There may be ways to simplify the approval process and criteria for more drugs. Author Matt Yglesias outlined some options in his newsletter that Congress and the FDA should consider, including being more open about data from clinical trials in other countries (where trials can often be conducted more cost-effectively).

Yet science is the biggest obstacle to developing new drugs. Researchers need years to even figure out how diseases work, what their biological basis is, and so can develop possible candidates for treatments. From the basic research that uncovers those building blocks to the clinical trials that secure FDA approval, it can take decades. The FDA only steps in when you've found something that actually works. That's why big pharma spend so much money on acquisitions; even with all their resources, there's no guarantee that the internal scientists will find a promising treatment candidate before an outside researcher does.
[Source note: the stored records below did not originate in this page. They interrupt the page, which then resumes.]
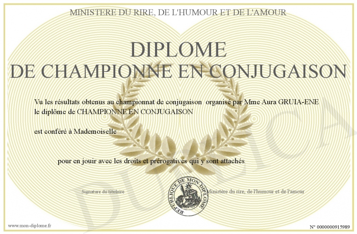 Envoyez par email votre Diplôme de championne en conjugaison personalisé
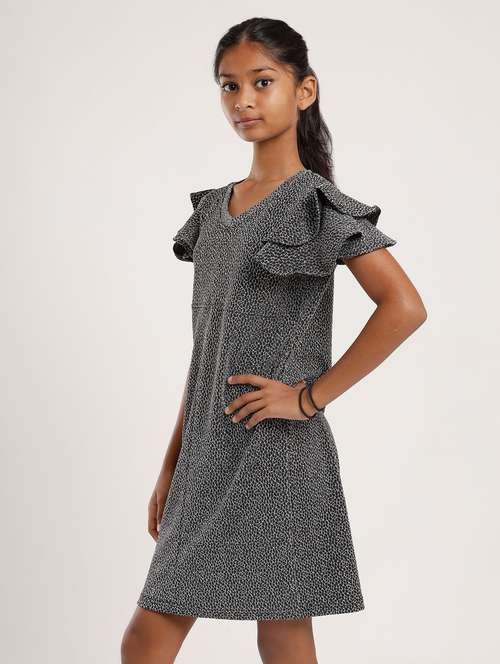 Let your little star shine bright in the Chilins Sparkle Ruffle Sleeve Dress. Designed for girls, this slim-fit silhouette features a high neckline and playful ruffled sleeves that add a touch of elegance and charm. The shimmering silver fabric, crafted from a soft polyester blend, catches the light beautifully—perfect for celebrations and camera moments.
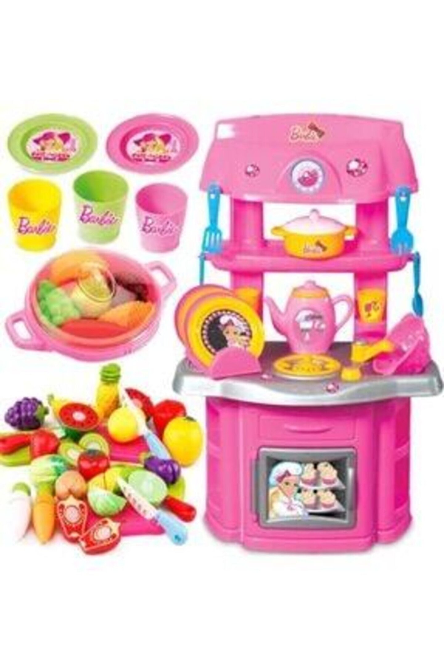 Barbie Oyuncak Şef Mutfak Seti + Tencere + Kesilebilen Meyve Sebze Set Kız Oyuncak
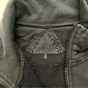 Chic zip-up sweater by PALACE. Features black top and gray bottom. Stylish and versatile. Stain on sleeve - in photo.
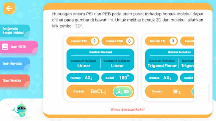 あなただけのオリジナル分子を構築し、その形状をリアルタイムで視覚化できるユニークな機能も備わっています。理論学習だけでなく、実践的な分子設計を通して理解を深めることが可能です。また、インドネシア語と英語の多言語に対応しているため、多様な学習ニーズに応えます。「Bentuk Molekul 3D Simulasi - Kimia」を通じて、視覚的に魅力的な体験とインタラクティブな学習方法で、分子化学への理解を飛躍的に深めましょう。
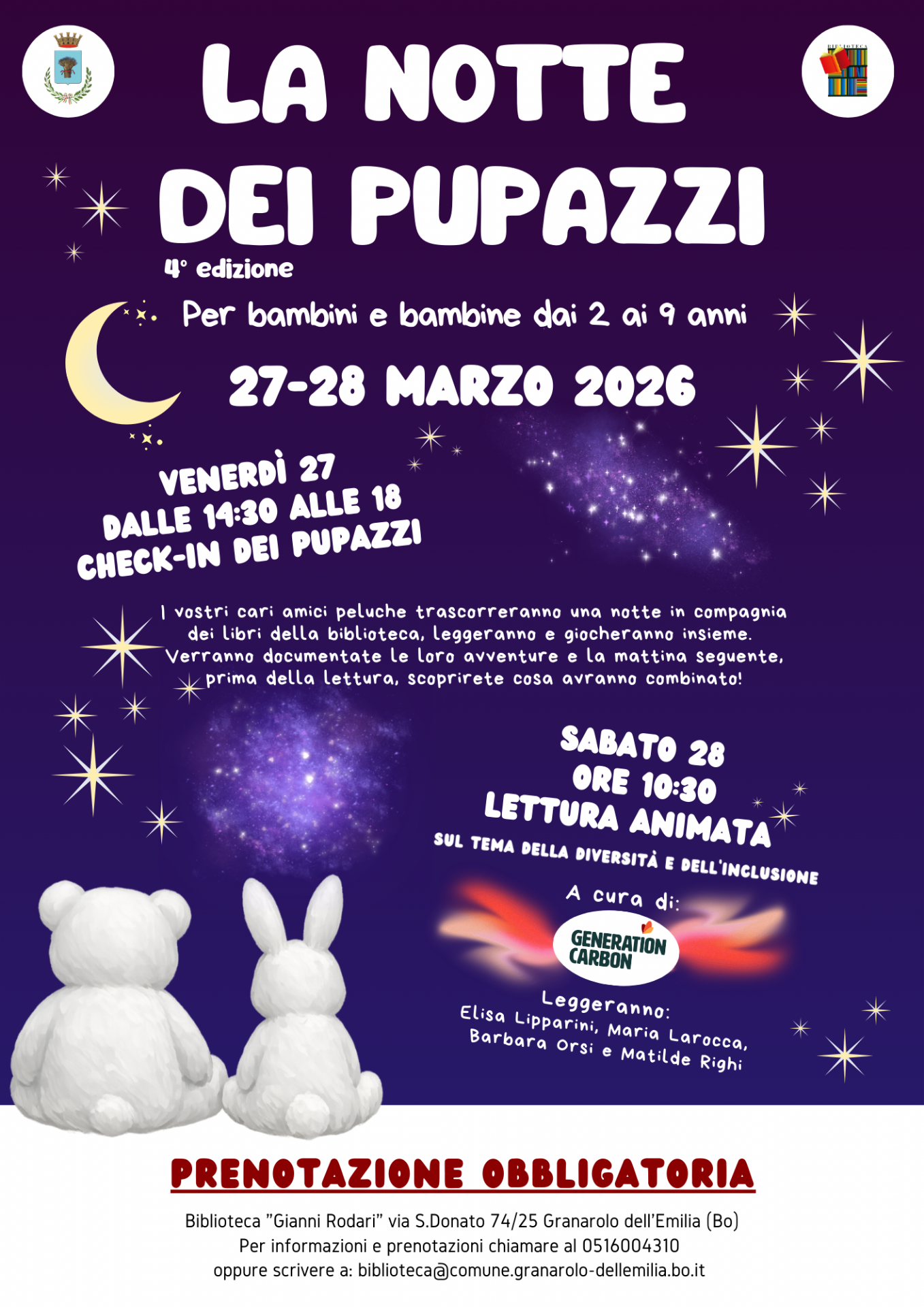 Sabato mattina 28 marzo, alle 10.30, le famiglie torneranno in biblioteca per ritrovare i pupazzi e scoprire insieme le loro avventure notturne. A seguire, si terrà una speciale lettura animata sul tema della multiculturalità, a cura delle lettrici di Generation Carbon.
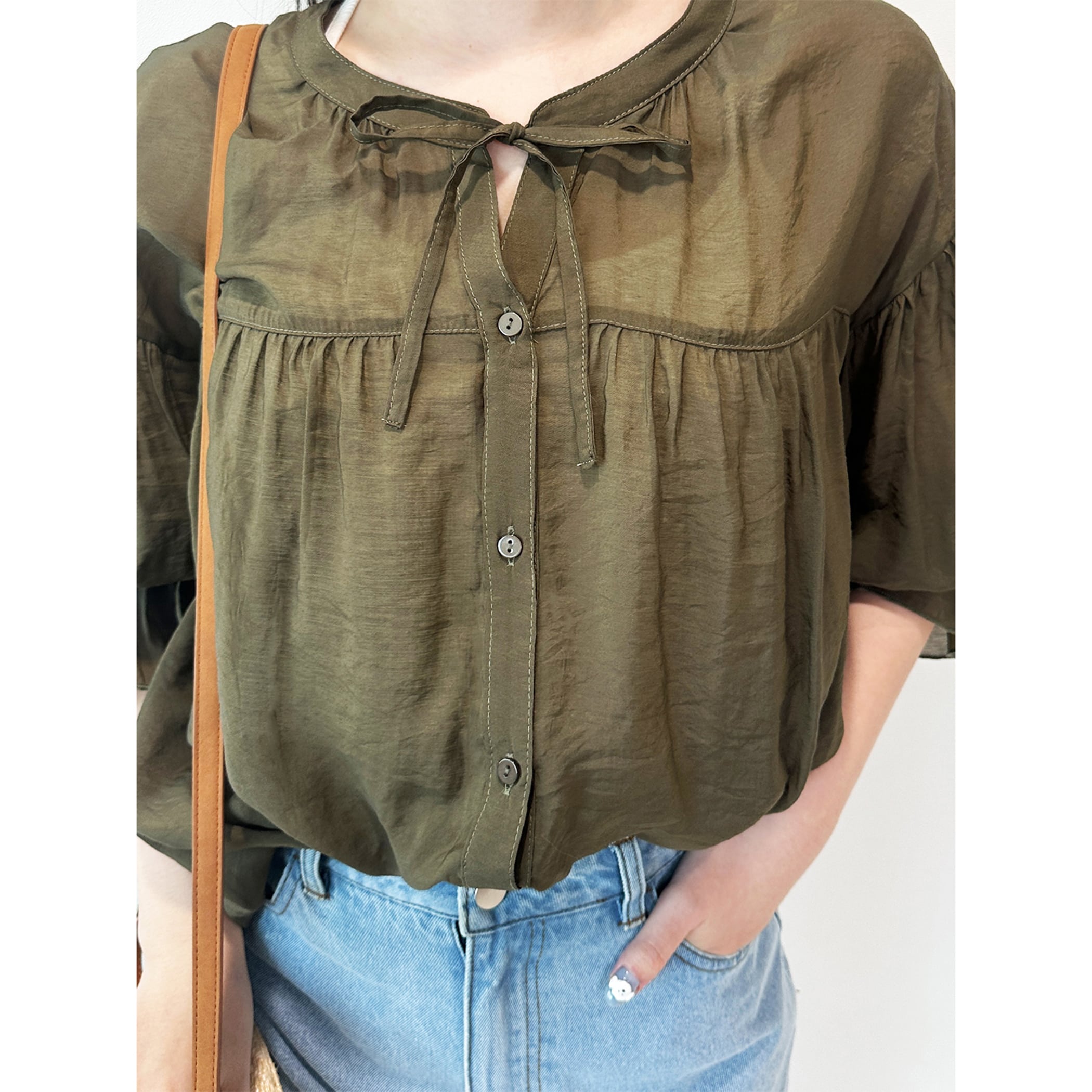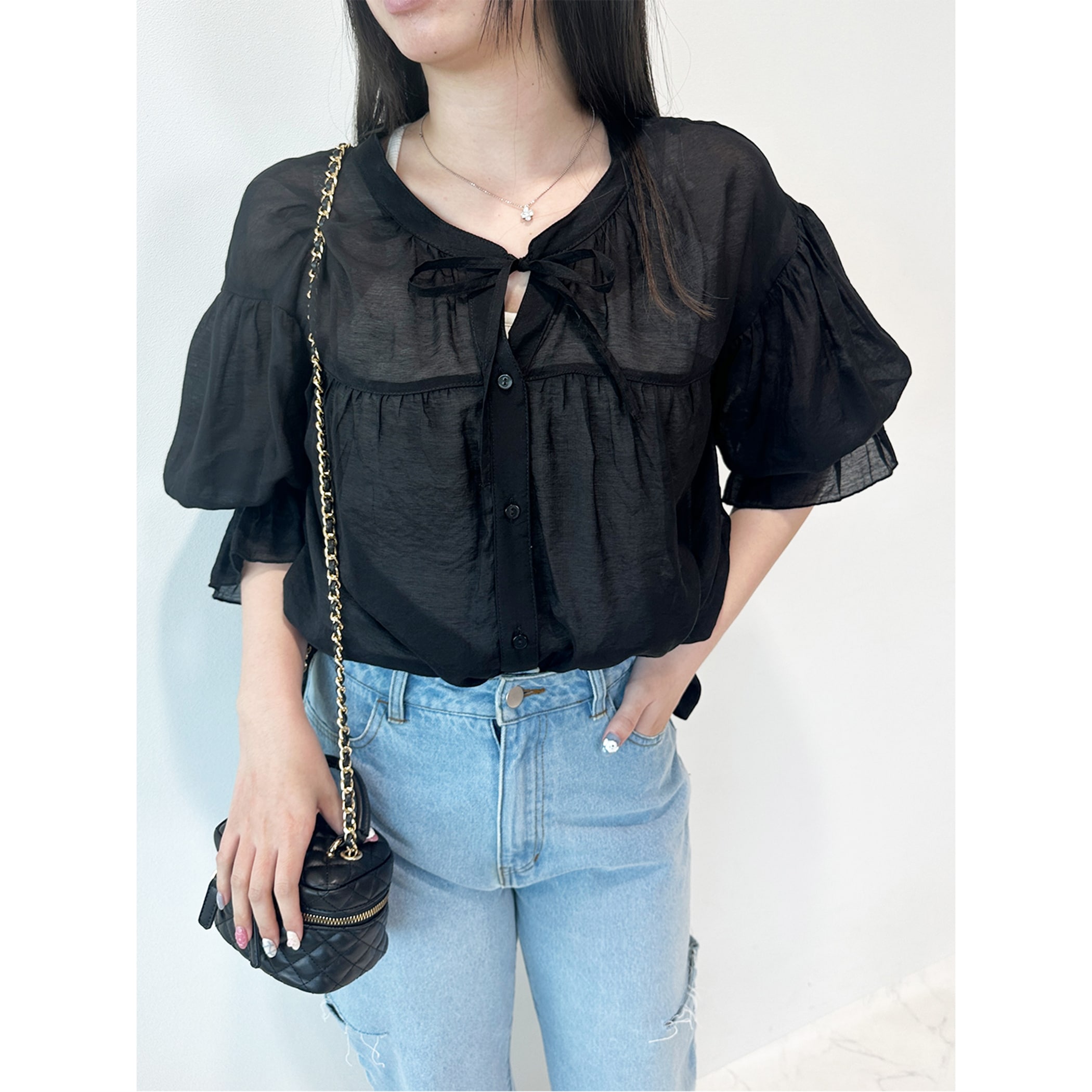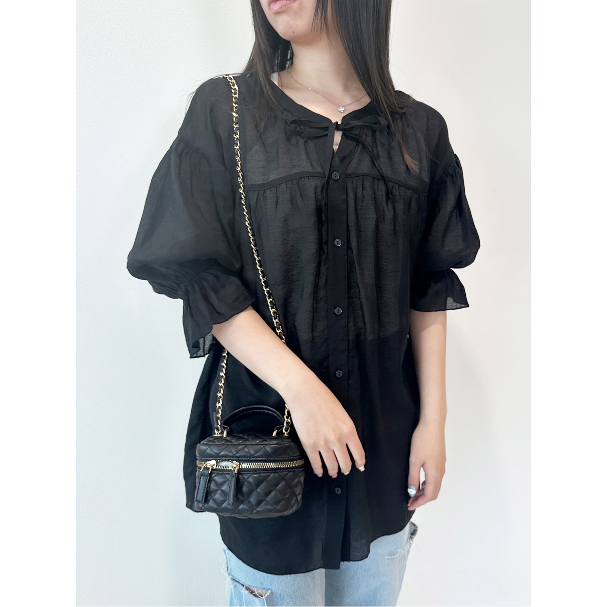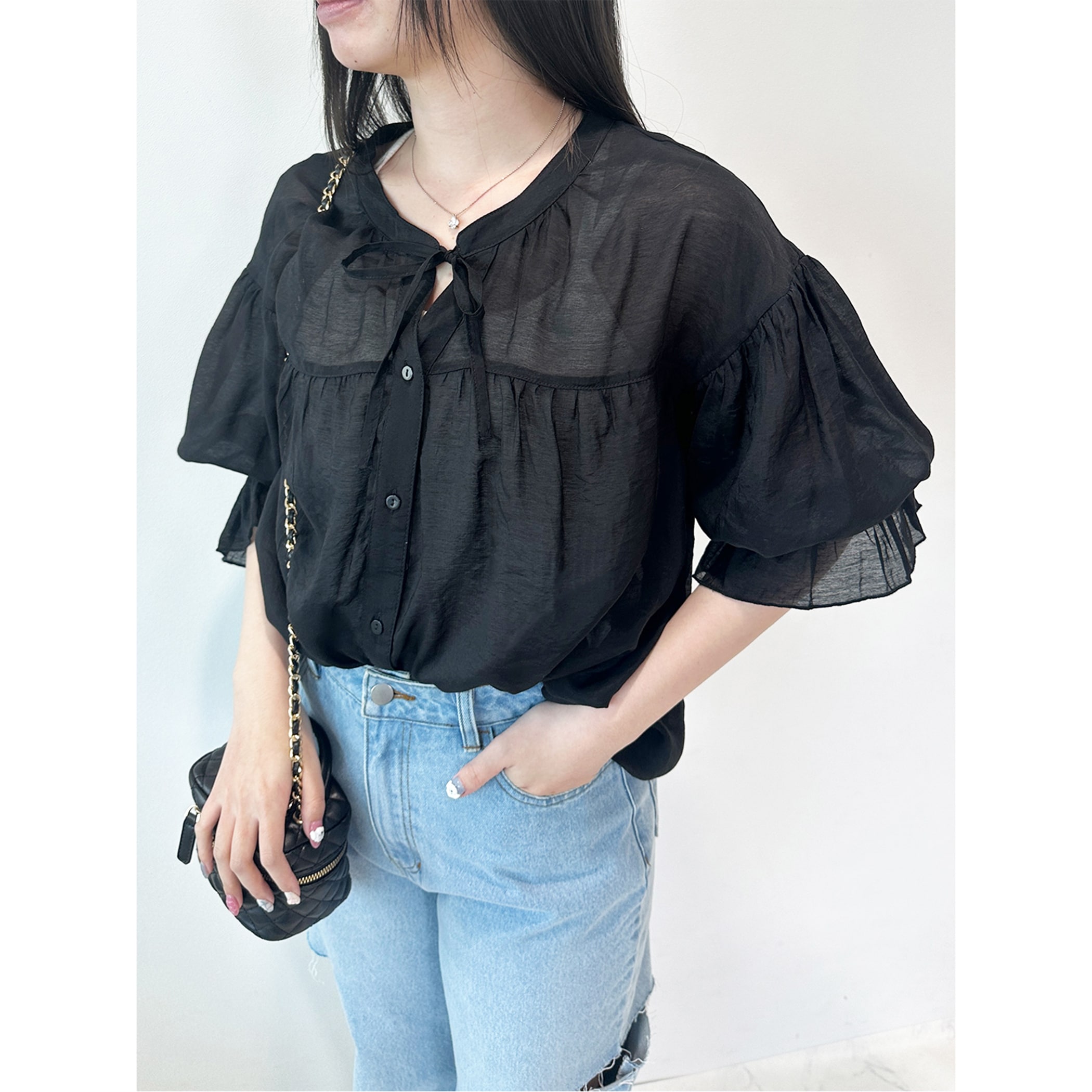上品な透け感とふんわりとしたキャンディースリーブがフェミニンらしいチュニック丈ブラウス。甘めの雰囲気の商品ですが、カジュアルなカラー展開なので、スカートにもパンツにも合わせやすい一枚です。ドロップショルダーで大きめのシルエットなので、着用するだけで抜け感とこなれ感を持たせた雰囲気にコーディネートに仕上げてくれます。

The best way to maximize our R&D resources and get the most bang for our buck in expensive human trials is to identify the most promising candidates from the start. But to do that, we're dealing with an enormous amount of information: the genetic library that every human carries within them. That's why drug developers are turning to AI to sort through that information.

Leading researchers in antibiotic resistance have trained computers to search everywhere—even in the DNA of extinct animals—for molecules that might show promise in treating bacteria that have become difficult to treat with conventional drugs. Longevity advocates are similarly turning to artificial intelligence. New startups like Recursion Pharmaceuticals, reported by STAT, have built their entire businesses on using AI to find potential drug candidates, including ones sitting on the shelves of big pharma that could be repurposed for new diseases.

Whether these AI ambitions will pay off is still uncertain. But they are another reason for optimism.

Too often the discussion about drug prices is an either/or issue. Either lower prices or new treatments, but not both. That is the wrong choice.